An 8.2-magnitude earthquake off the coast of Alaska prompted a tsunami warning for parts of the state late Wednesday night.

An earthquake was detected about 75 miles southeast of Chignik, Alaska, said the National Tsunami Warning Center, which issued the warning.

The warning was in effect for south Alaska and the Alaska Peninsula and the Aleutian Islands, said the Weather Service in Palmer, Alaska, which warned that “widespread hazardous tsunami waves are possible,” based on the preliminary parameters of the quake.

In Alaska, just before midnight local time, a buoy near Sand Point measured a rise in water level of about six inches.

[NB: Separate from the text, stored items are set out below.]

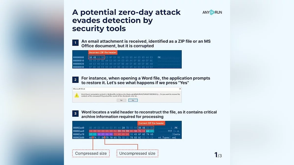 Как заявляют специалисты по кибербезопасности, злоумышленники намеренно повреждают Word-файлы и ZIP-архивы, так что их нельзя проверить обычными средствами. Система не помечает их как подозрительные и вредоносные, поэтому они спокойно попадают в почту. Для запуска такие файлы используют встроенные механизмы восстановления Word, Outlook и WinRAR.
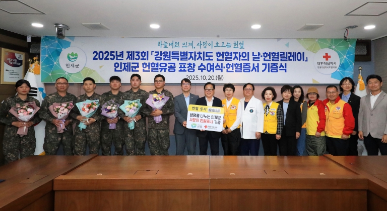[메이저뉴스]인제군은 ‘2025 헌혈자의 날’을 기념해 지난 10월 20일 인제군청 소회의실에서 헌혈유공자 12명에게 인제군수 표창을 수여하고, 헌혈증서 1,000매를 강원혈액원에 기부했다고 밝혔다.
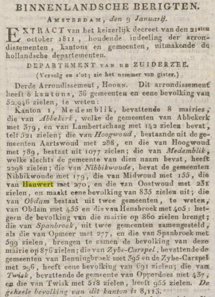 De Franse Gemeentewet van 1811 bepaalde daarom een minimale omvang van 500 inwoners. In Hauwert woonden 270 personen.
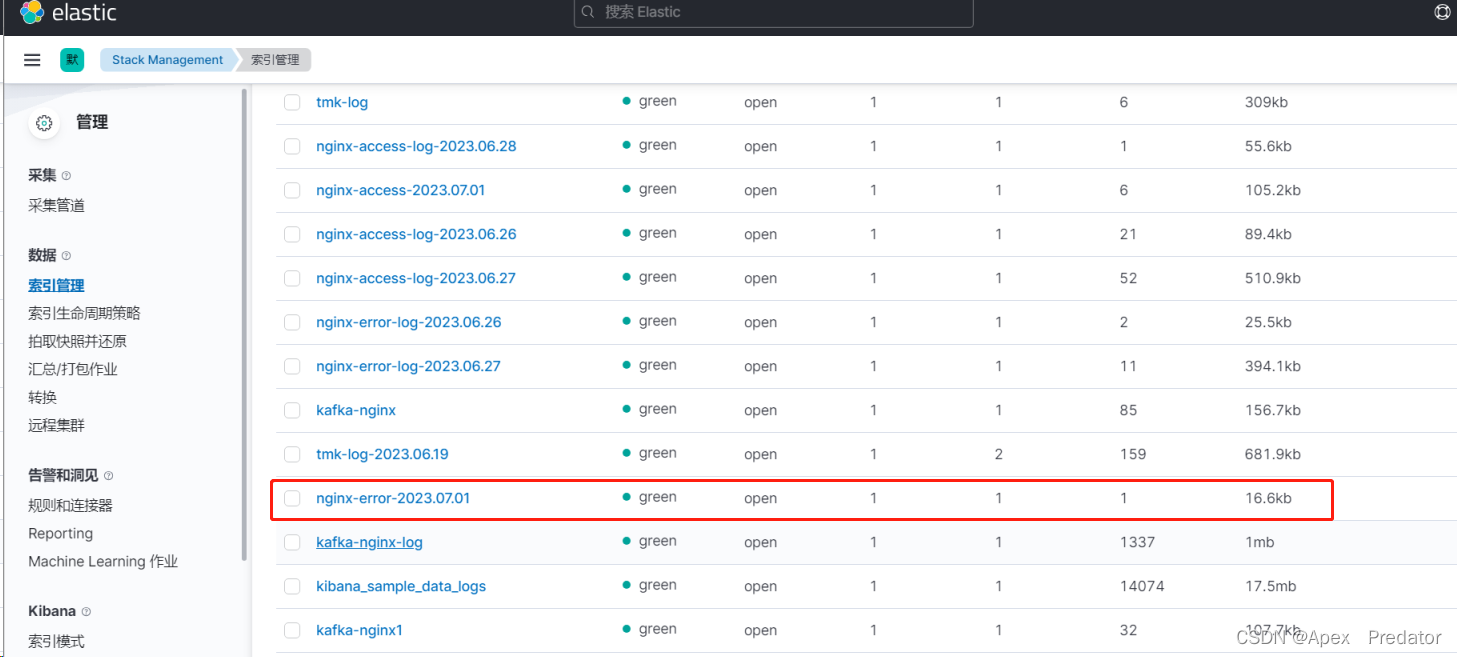 可以看到nginx生成报错日志后,elasticsearch 也自动创建了符合配置规则的索引,并将日志写入,查看一下日志数据
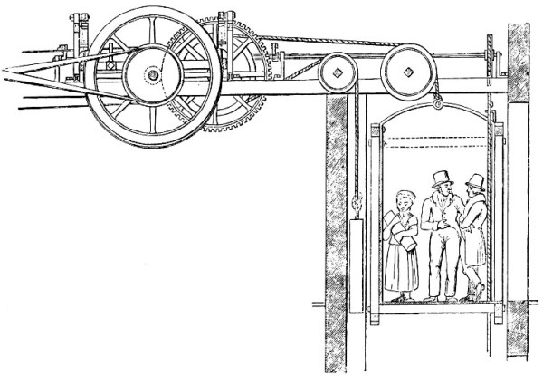 [3] A type of elevator known as the “teagle” was in use in some multistory English factories by about 1835. From its description, this elevator appears to have been primarily for the use of passengers, but it unquestionably carried freight as well. The machine shown in figure 7 had, with the exception of a car safety, all the features of later systems driven from line shafting—counterweight, control from the car, and reversal by straight and crossed belts.
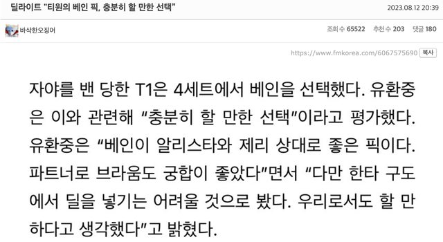 → NIEN1EN1997 : 只看這篇還以為T1被3-0,韓網真的低能,尤其是最後 08/13 01:00

Another near Old Harbor on Kodiak Island measured just over eight inches.

A tsunami watch was also briefly issued for Hawaii and canceled a little over an hour later, the governor said on Twitter.

In Kodiak, where the earthquake could be felt, tsunami sirens blared and people began moving to higher ground.

Perryville, Alaska, with a population of 113, is 57 miles northwest of the quake’s epicenter, the United States Geological Survey said. Anchorage, with a population of nearly 300,000, was about 500 miles north northeast.

Since 1990, there have been 17 earthquakes of 8.2 magnitude or higher, according to U.S.G.S. data.